By the way, the paper "Safety First for Automated Driving" (2019) on page 47 says the following about sensor redundancy:
"As of today, a single sensor is not capable of simultaneously providing reliable and precise detection, classifications, measurements, and robustness to adverse conditions. Therefore, a multimodal approach is required to cover the detectability of relevant entities. In more detail, a combination of the following technologies shall provide suitable coverage for the given specific product:
CAMERA Sensor with the highest extractable information content as sensor captures visible cues similar to human perception. Main sensor for object/feature type classification. Limited precision in range determination, high sensitivity to weather conditions.
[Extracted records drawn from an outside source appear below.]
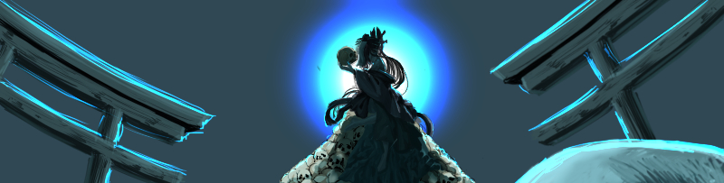 絶望の先触 「真理を欲して祈れども 水の様に零れ落ち 自由欲しさに進めども 嘗ての道しか歩けずに 救い欲しさに叫べども 救いの意味に慄いて 屍山血河を築き上げ 最後に握った掌に_」 |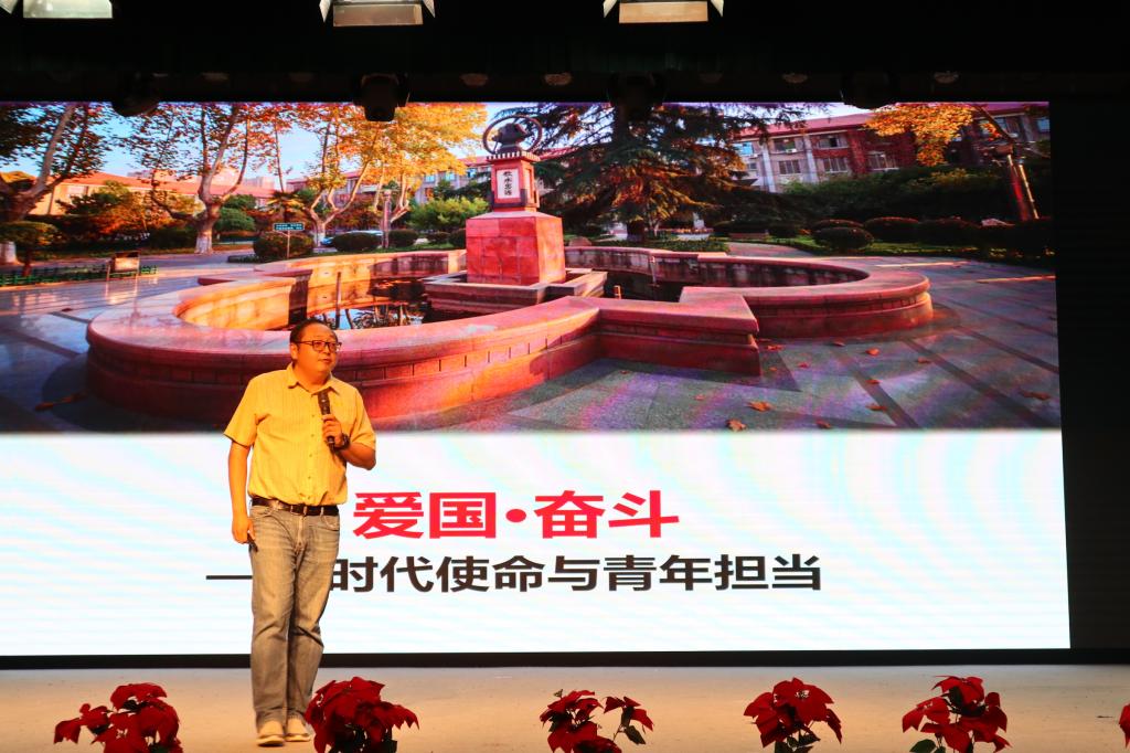 典礼结束后,张爱萍书记为大家带来了“爱国奋斗——时代使命与青年担当”的专题讲座。从西迁的历史、过程到“西迁精神”内涵,他强调到“西迁精神”的核心是爱国主义,精髓是听党指挥跟党走,与党和国家、与民族和人民同呼吸,共命运。在对“西迁精神”的理解上要将道德层面与国家战略层次相结合,与社会主要矛盾相结合。他指出同学们要与党同向同行,在爱国的集体里做一个乐观的英雄。张书记幽默风趣,深入浅出,同学们听课热情积极高涨。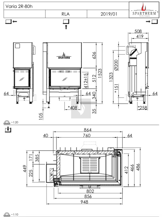 Spartherm Varia 2R-80h Légfűtéses kandallóbetét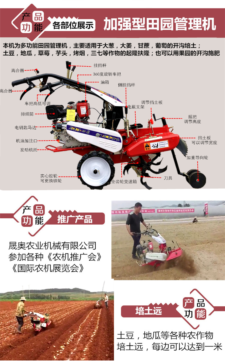 加强多功能四驱开沟培土机除草田园管理机柴油微耕机起垄机旋耕机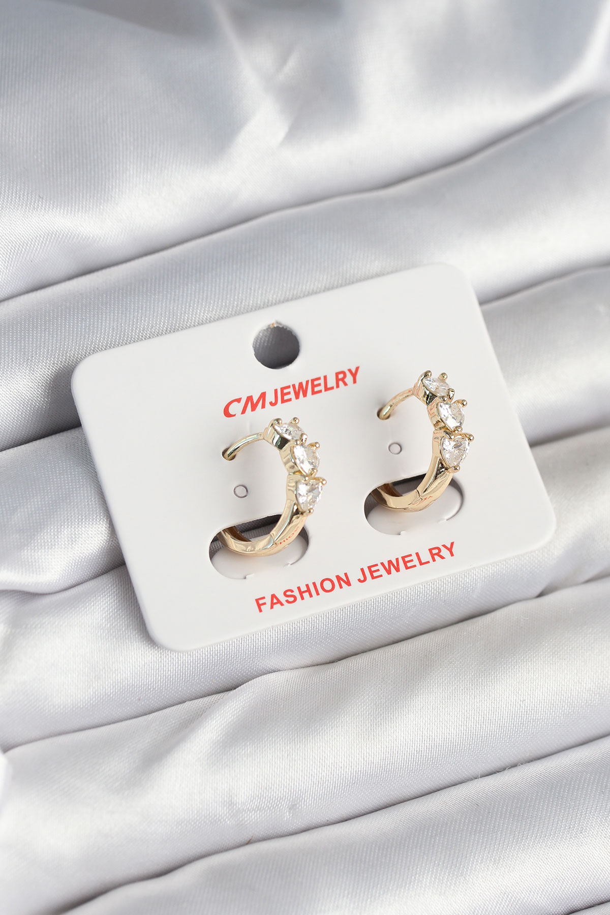 Pirinç Gold Renk Kalpli Zirkon Taşlı Kadın Küpe - TJ-BKP11246

LIDAR High-precision measurement of structured and unstructured elements. Medium sensitivity to environment conditions.
RADAR High-precision detection and measurement of moving objects with appropriate reflectivity in radar operation range, high robustness against weather conditions.
ULTRASONIC Well-established near-field sensor capable of detecting closest distances to reflecting entities.
MICROPHONES Public traffic uses acoustic signals to prevent crashes and regulate traffic, e.g. on railway intersections. Thus, devices capturing acoustic signals are required for automation levels where the systems need to react to these."
So a collaboration between engineers from Aptiv, Audi, Baidu, BMW, FCA, Continental, HERE, Infineon, Volkswagen, Daimler, and Intel wrote that a camera-only approach does not work and that an autonomous vehicles needs multiple sensors, including cameras, lidar, radar, ultrasonics and microphones.
I believe this multimodal approach is basically an industry standard for autonomous driving.